Slightly, full 90 degrees, wiggles in place? A little more specificity on "moves" would be more helpful. Pics too, maybe, depending on what is going on (before and after). Just sayin'.


----------



## DevilsJohnson (Oct 21, 2007)

Growler67 said:


> Slightly, full 90 degrees, wiggles in place? A little more specificity on "moves" would be more helpful. Pics too, maybe, depending on what is going on (before and after). Just sayin'.


+1
It's hard to understand what you are saying is "moving down"

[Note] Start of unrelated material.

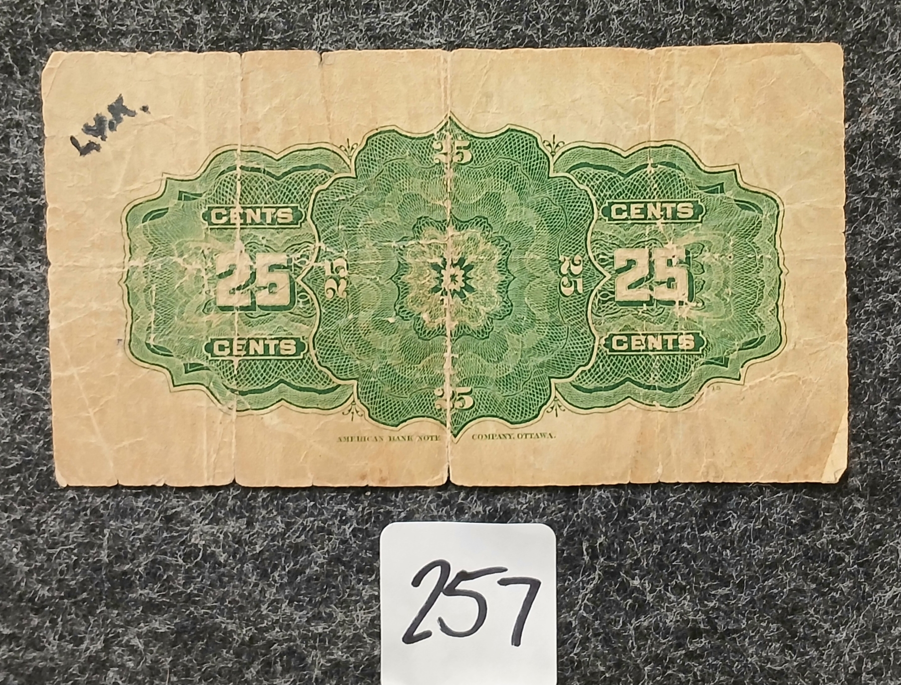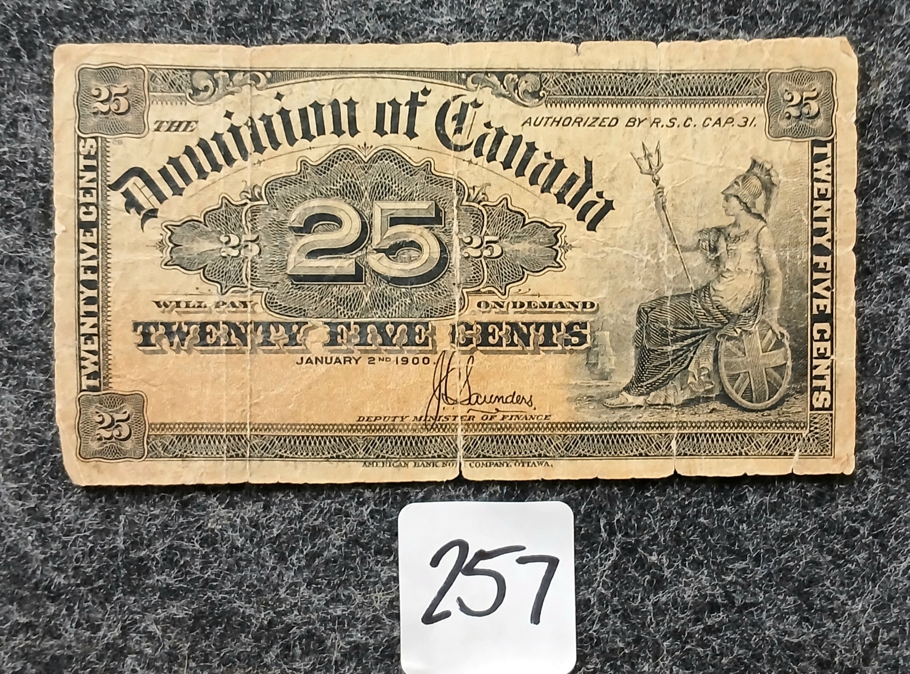 1900 DOMINION OF CANADA 25 CENT SHINPLASTER

I took a look at both mine and don't see any movement in mine. I can give you that much.


----------



## mentalplane (Apr 27, 2009)

Here are one of the guns in question. my brand new sig 229 elite dark


----------



## mentalplane (Apr 27, 2009)

The lever doesnt move a whole bunch but it is pretty clear from the pics that it does move. is this something i should be concerned about?


----------



## DevilsJohnson (Oct 21, 2007)

I wouldn't think so really. It's not getting anywhere near where it has to for the slide to be affected.


----------



## mentalplane (Apr 27, 2009)

do you know why is the lever even moving in the first place? does your sigs lever move that much too devil?


----------



## Growler67 (Sep 8, 2008)

It moves that much because of the way SiG designed their lock-up lug/barrel as a single piece assembly, unlike that of the Beretta 92 seires or 1911's for example. When the slide is back, the muzzle of the barrel tips up as the lock-up lug drops down. In the process it comes out of contact with the cross bar portion of the take down lever, that lack of tension causes the slight droop. When the slide is in full battery, contact with the cross bar locks up the action and the take down lever sits higher. Nothing to be concerned or worried about.


----------



## mentalplane (Apr 27, 2009)

thanks growler, you're always around to give an answer when I have a question.


----------